Green Mountain College junior Ryan Dixon guides oxen while junior Casey Martin drives a cutting machines (GMC photo)
By Beth Daley, Globe Staff
Many people I know are attempting to reduce their carbon footprint when it comes to food. A few try to only buy locally grown vegetables to avoid emissions from transporting their salad ingredients from far away. An acquaintance has given up beef because its production gives off more greenhouse gases than chicken. A few people I’ve met are actually trying to grow all their own food.
Green Mountain College in Poultney Vermont, is taking it all a step further – attempting to see if its 24-acre Cerridwen Farm organic operations – from potato picking to cow milking – can be done with no reliance on fossil fuels whatsoever.
The four-year liberal arts college has given up tractors in favor of oxen to plow and hay. It’s installed solar collectors atop a barn roof to heat water for its two-cow dairy operation. Carbon dioxide emitted from the metabolisms of 80 chickens is shared with a next door greenhouse where CO2 levels can dip during the winter.
And the farm – through an intensive new Farm Life Ecology summer class that includes students from other colleges – has an influx of manual labor which doesn’t use fossil fuels at all.

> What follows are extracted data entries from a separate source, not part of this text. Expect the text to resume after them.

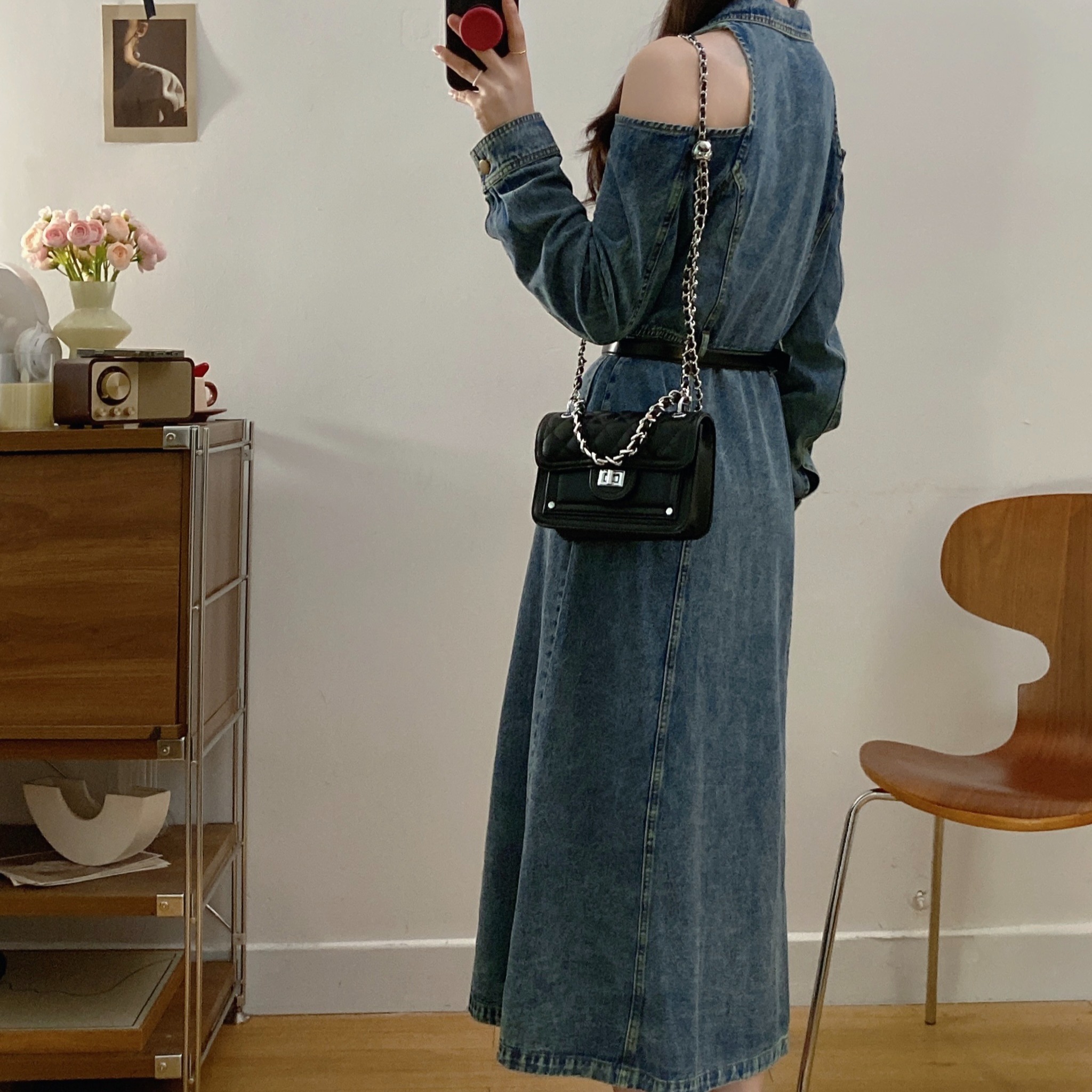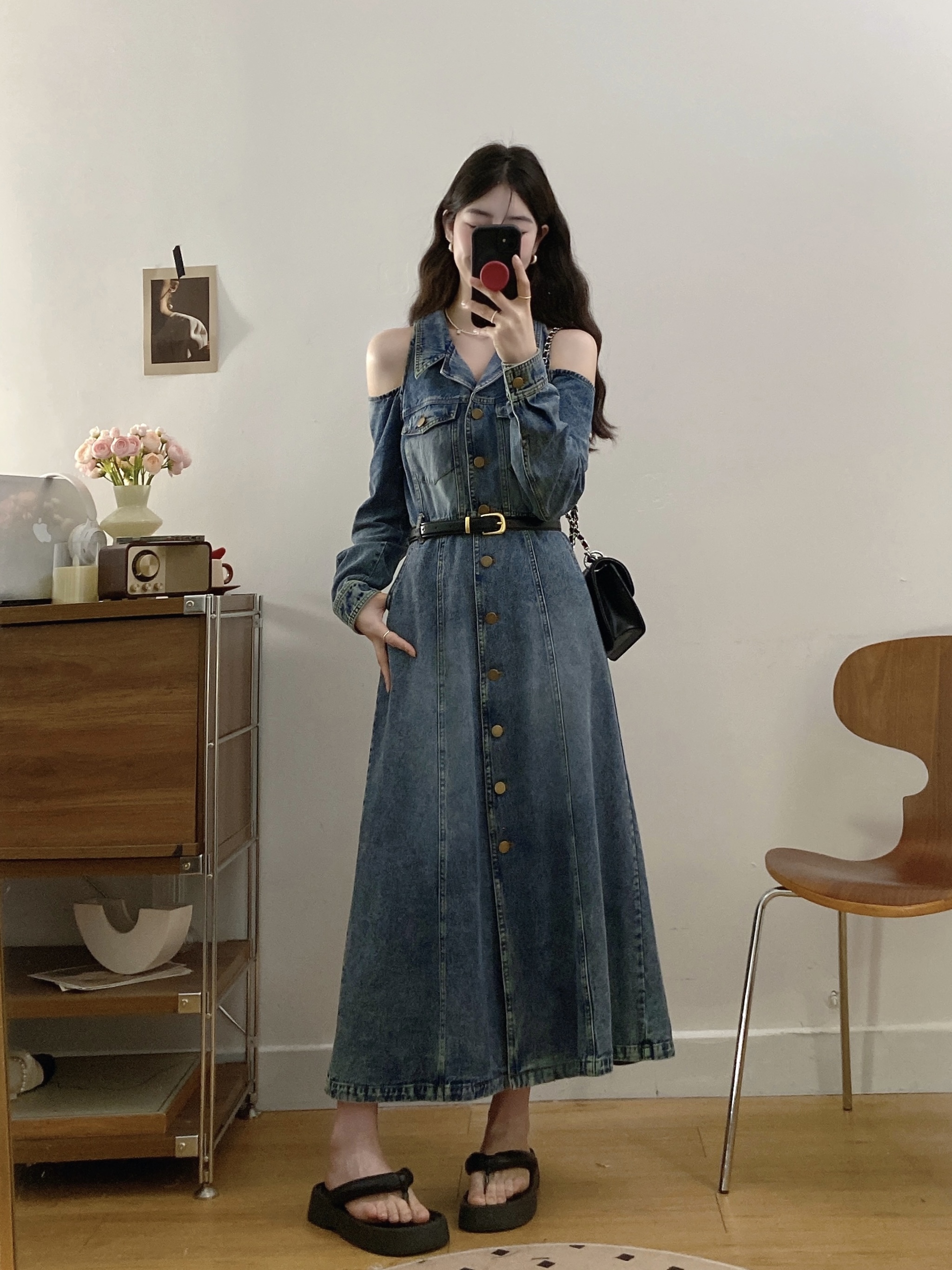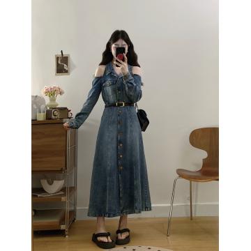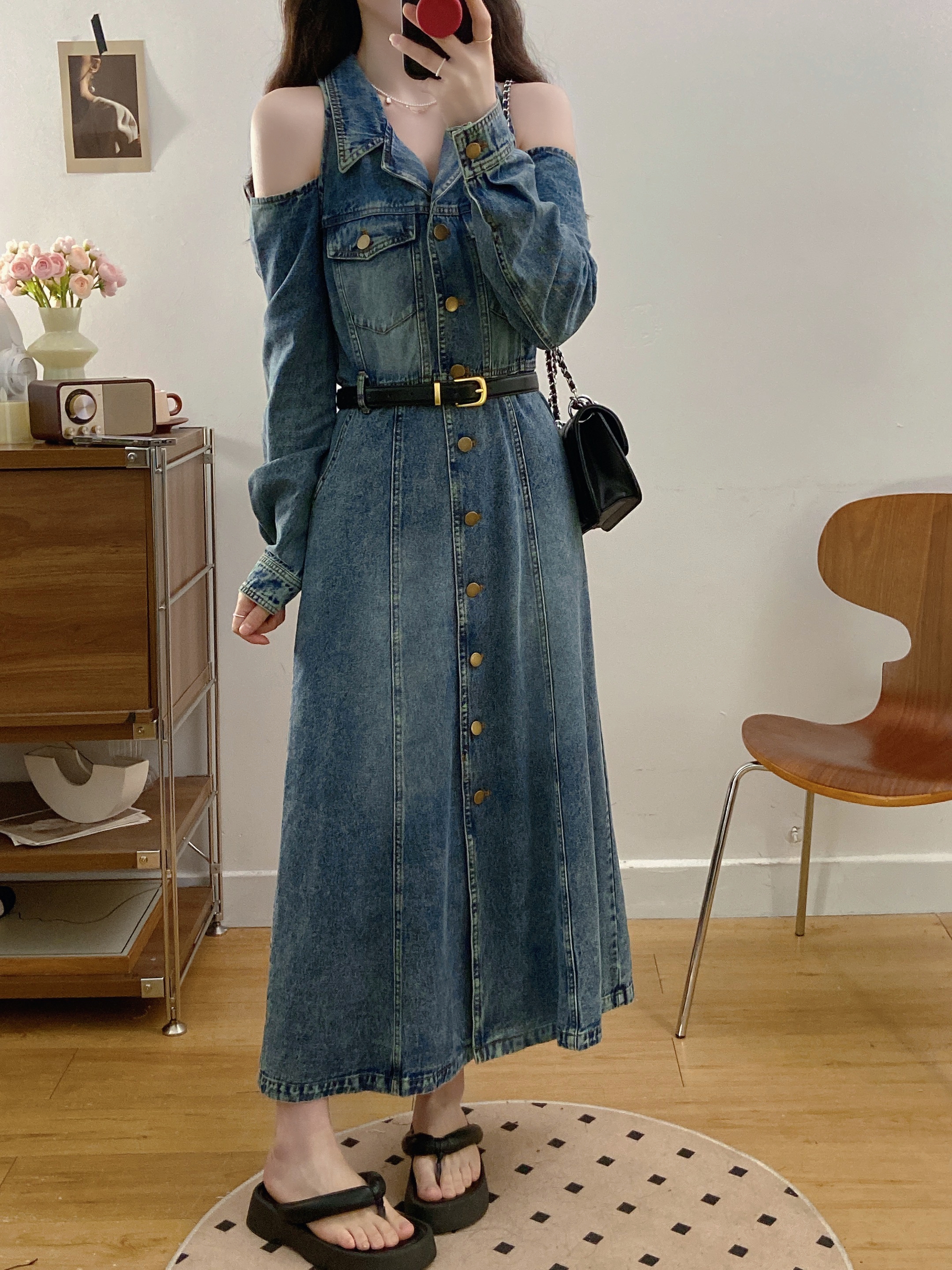 FA42826# 大码港风复古露肩牛仔连衣裙配腰带收腰显瘦翻领长裙 服裝批發女裝批發服飾貨源
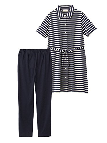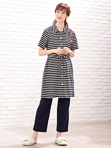 犬印本舗 fairy フェアリー マタニティ パジャマ 授乳しやすい ママの声から生まれた カットソー ボーダー 半袖 ナイティ 産前 産後 入院 前開き 妊婦服 セット商品 M~L ネイビーボーダー
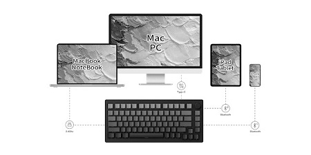 Az Akko Monsgeek M1W-SP háromféle módon képes kapcsolódni. A multi mód magába foglalja a 2,4 GHz-es vezeték nélküli kapcsolatot és a BT 5.0-t,a mellyel egyszerre három eszközhöz, mondjuk tablethez. számítógéphez és egy telefonhoz kapcsolódhatsz. Aki a vezetékes üzemmódot jobban szereti, annak az USB-C vezetékes mód nyújt gyors válaszidőt és minimális laggolást az FPS játékokhoz.

“Modern agriculture is heavily reliant on oil and other fossil energy sources – it’s extremely inefficient, with more than 20 calories required to produce and deliver one food calorie to a consumer’s plate,’’ said farm manager and ecology economist Kenneth Mulder. The college's effort is helped in large part from a $110,000 grant from the Jensen/Hinman Family Fund.
Mulder doesn’t have any expectation that the nation's farms will go fossil free. He even still has to use a bit to power the barn lights and a rototiller.
But if future farming is to be more local and sustainable, he believes students should be exploring organic growing in the context of traditional farming practices. It also gives students a more “intimate relationship” with the farm.
But most of all, in an age of factory farming Mulder says, “it shows it can be done.”